Trump, too, sent troops to Los Angeles earlier this year after demonstrators challenged aggressive immigration raids that supported the president's pledge for mass deportations of immigrants without legal status. Citing Section 12406 of Title X of the U.S. Code, Trump nationalized the California National Guard, over the objections of California Gov. Gavin Newsom. He dispatched 4,200 National Guard soldiers and 700 Marines into Los Angeles.
"Title X is the body of statutes that govern the military," Nunn said. "The Insurrection Act is also part of Title X. He didn't use the Insurrection Act. Instead, he has used the statute, 12406, that is not historically understood as an authority that allows the president to deploy troops. It's instead always been seen as a federalization authority."
The Trump administration, however, has argued in court that the statute both approves deployment and acts as an exception to the Posse Comitatus Act, the law that bars federal troops from participating in law enforcement unless authorized by Congress.
"So the Trump administration's interpretation of this law is unprecedented," Nunn said. "It's novel. It's not consistent with how the statute has always been understood."

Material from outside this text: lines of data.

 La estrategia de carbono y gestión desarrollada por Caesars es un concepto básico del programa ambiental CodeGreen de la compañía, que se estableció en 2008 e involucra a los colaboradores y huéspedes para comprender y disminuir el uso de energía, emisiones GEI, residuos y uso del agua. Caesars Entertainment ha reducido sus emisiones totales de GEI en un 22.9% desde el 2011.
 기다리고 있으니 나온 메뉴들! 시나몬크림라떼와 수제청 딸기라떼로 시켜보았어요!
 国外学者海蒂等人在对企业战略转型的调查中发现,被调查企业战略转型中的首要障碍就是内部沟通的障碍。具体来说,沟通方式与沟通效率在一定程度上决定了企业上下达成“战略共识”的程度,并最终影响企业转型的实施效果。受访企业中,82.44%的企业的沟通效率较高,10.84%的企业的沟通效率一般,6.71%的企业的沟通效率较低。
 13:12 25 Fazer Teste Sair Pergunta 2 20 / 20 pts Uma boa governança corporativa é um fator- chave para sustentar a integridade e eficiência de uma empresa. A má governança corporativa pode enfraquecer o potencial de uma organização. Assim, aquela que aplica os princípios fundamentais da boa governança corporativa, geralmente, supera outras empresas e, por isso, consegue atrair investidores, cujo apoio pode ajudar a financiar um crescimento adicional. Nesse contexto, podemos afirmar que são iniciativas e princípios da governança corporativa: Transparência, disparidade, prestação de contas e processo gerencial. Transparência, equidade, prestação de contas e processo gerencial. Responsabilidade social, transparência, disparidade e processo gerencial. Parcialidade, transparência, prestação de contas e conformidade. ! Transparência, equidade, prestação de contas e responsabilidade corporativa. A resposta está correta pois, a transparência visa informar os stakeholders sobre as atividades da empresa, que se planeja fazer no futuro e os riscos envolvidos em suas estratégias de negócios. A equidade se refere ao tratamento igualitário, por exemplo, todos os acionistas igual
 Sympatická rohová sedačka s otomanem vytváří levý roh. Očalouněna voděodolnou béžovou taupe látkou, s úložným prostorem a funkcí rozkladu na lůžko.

Trump has faced strong opposition from mayors and governors -- as well as judges -- as he has issued a series of orders that assigned the military to law enforcement duties.

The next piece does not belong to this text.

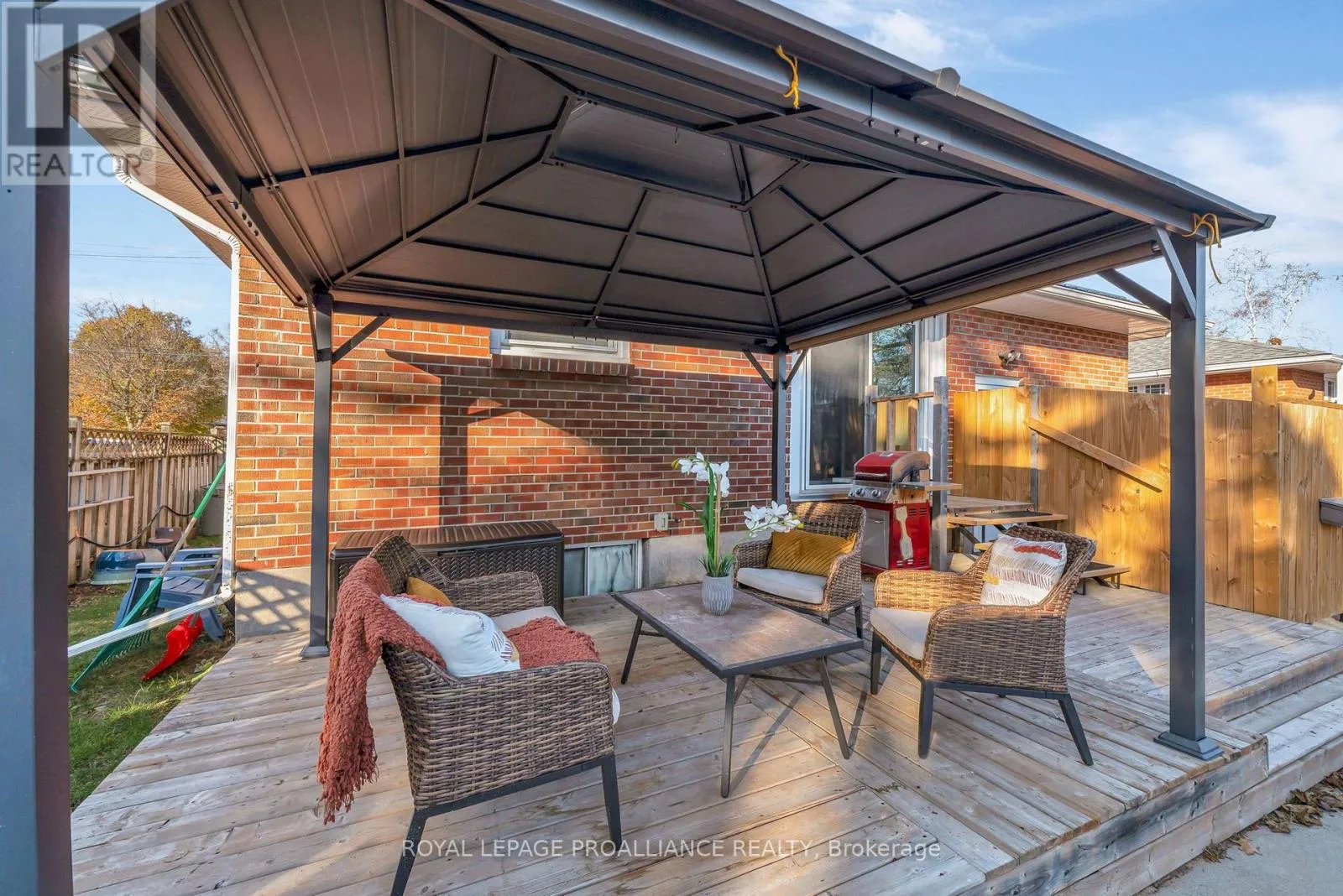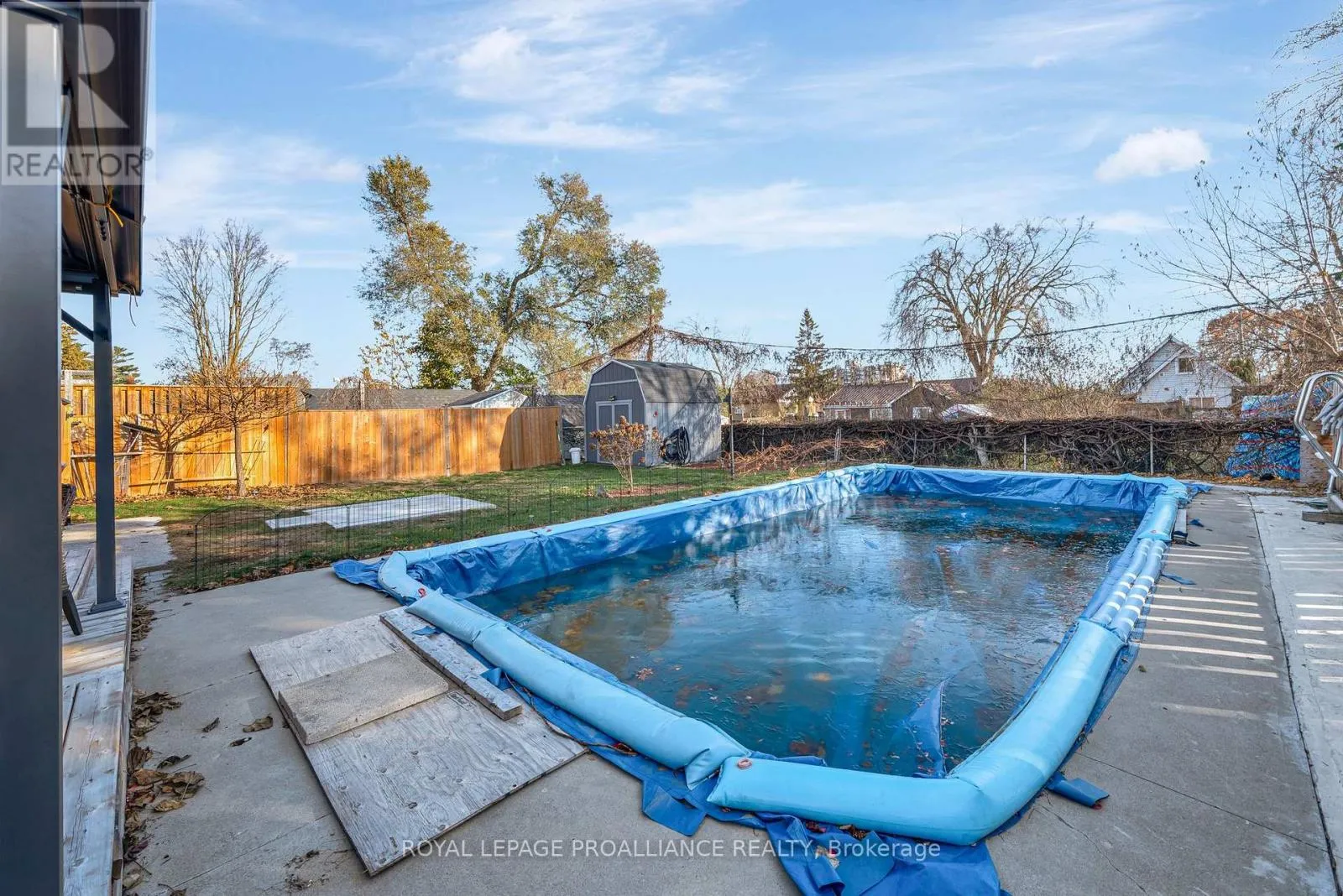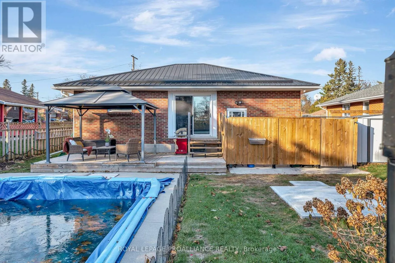 Cross Streets: Bridge St E and Rosewood. ** Directions: Bridge St East, to Herchimer, West on Rosewood to Crestview. Nestled on one of Belleville's most desirable East End streets, this fully brick updated bungalow with 2+1 bedroom, 2-bathroom home effortlessly blends classic charm with modern upgrades. A new bright, inviting eat-in kitchen features lots of cabinetry, granite countertops, a stylish backsplash, updated vinyl flooring, and glass doors that open directly to a private, fully fenced backyard-perfect for summer entertaining. The main living room is bathed in natural light from a large picture window and original hardwood flooring creating a warm and welcoming space to relax and watch your favourite show. Two generously sized bedrooms and a completely updated 4-piece bathroom complete the main level. The fully finished lower level has been recently renovated to accommodate a versatile in-law suite with a separate entrance, one bedroom, a 3-piece bathroom, and kitchenette. This space can also be opened up (just a temporary wall) to an open concept recreation room with a cozy gas fireplace for private enjoyment. The new laundry laundry space (with new washer and dryer), and an additional storage room is perfect for multigenerational living or supplement your mortgage with the tenant who currently lives in part of the basement (new apartment). Step outside to your backyard oasis, featuring an 18' x 36' in-ground pool, with concrete decking, expansive green space for children, pets, or gardening, and a private gazebo with a comfortable seating area for relaxing or entertaining. Located in a quiet, family-friendly neighbourhood, on a dead-end street close to great schools, parks, and everyday amenities. A well-built home that combines comfort, convenience, and lifestyle.. And so many recent updates! (New Kitchen, Bathroom, Basement, Metal Roof, In-ground Pool & newly Paved Driveway, just to mention a few) Don't miss the opportunity to own this exceptional property on an over-sized lot in Belleville's sought after east-end. (id:27476)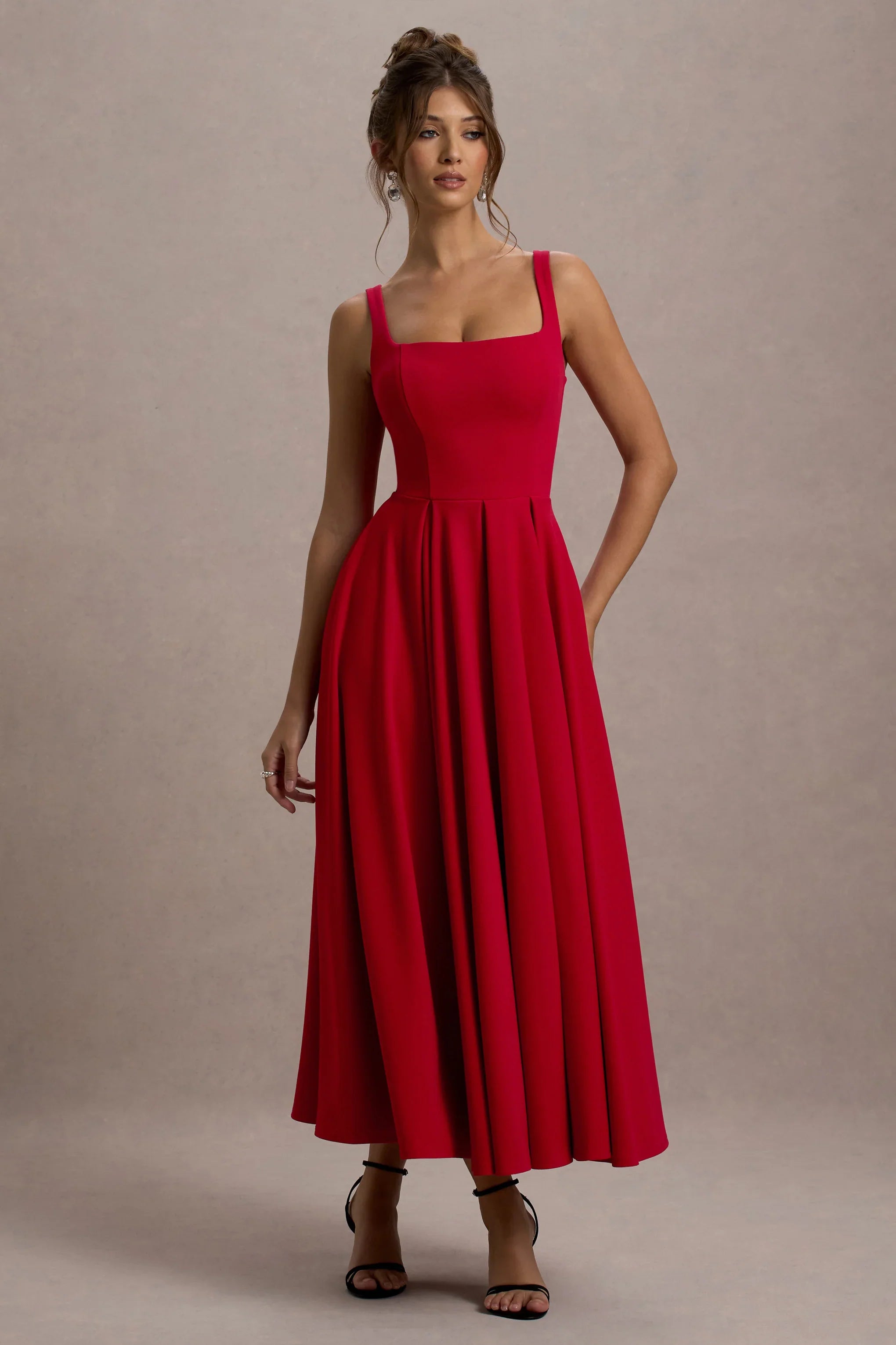 Exude a feminine charm in Parina, our romantic red midi dress. Designed in a premium scuba crepe, this playful piece features a supportive square neckline and flowing pleated skirt. A stand-out staple, Parina is proof that keeping it simple doesn’t mean playing it safe.

In August, he called up 800 troops from the District of Columbia National Guard after declaring a crime emergency in Washington. Local officials pointed out that the crime rate had declined significantly, but they had little recourse in stopping the deployment.

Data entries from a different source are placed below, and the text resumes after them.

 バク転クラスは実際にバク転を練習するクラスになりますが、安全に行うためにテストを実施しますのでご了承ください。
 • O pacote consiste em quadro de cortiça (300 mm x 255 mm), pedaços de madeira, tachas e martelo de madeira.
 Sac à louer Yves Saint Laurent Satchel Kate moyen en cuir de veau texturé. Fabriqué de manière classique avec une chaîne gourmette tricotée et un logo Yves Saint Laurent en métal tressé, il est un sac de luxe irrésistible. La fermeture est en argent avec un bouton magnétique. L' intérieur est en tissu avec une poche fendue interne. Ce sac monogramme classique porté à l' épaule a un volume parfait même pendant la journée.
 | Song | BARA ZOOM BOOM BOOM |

"The president has a freer hand in D.C. because it's not a state, because it's the seat of the federal government, than he does anywhere else," Nunn said.
But last weekend, U.S. District Judge Karin Immergut, a Trump appointee, twice blocked the administration from sending National Guard troops into Portland, Oregon. Trump said the city has been "on fire for years," adding "I think that's all insurrection, really criminal insurrection."
Immergut's first order blocked the deployment of Oregon National Guard troops. Then Trump attempted to send troops from neighboring California. Immergut told the Department of Justice the second deployment was "in direct contravention" of her restraining order.
Some advisers reportedly urged Trump to declare martial law after he refused to accept the results of the 2020 presidential election. And some current aides have suggested Trump take strong action to put down what they claim is an insurrection by people protesting immigration policies.
While martial law and the Insurrection Act can be conflated, these are two separate concepts.
"The two terms are dramatically different, and they are frequently confused," Nunn said. "All that the Insurrection Act allows the president to do is use the military to suppress insurrections and to execute federal law... Martial law is a very different thing."
U.S. law does not expressly define martial law.
"It's been the subject of confusion and debate for basically the entirety of American history," Nunn said. "What that term usually refers to though is an emergency power that allows the military to push aside civilian government and exercise jurisdiction directly over civilians. ... It puts the military in charge of everything."
Supplanting civilian government with military rule is impossible to reconcile with the Constitution, Nunn said. "It goes against, you know, every basic principle of our constitutional system."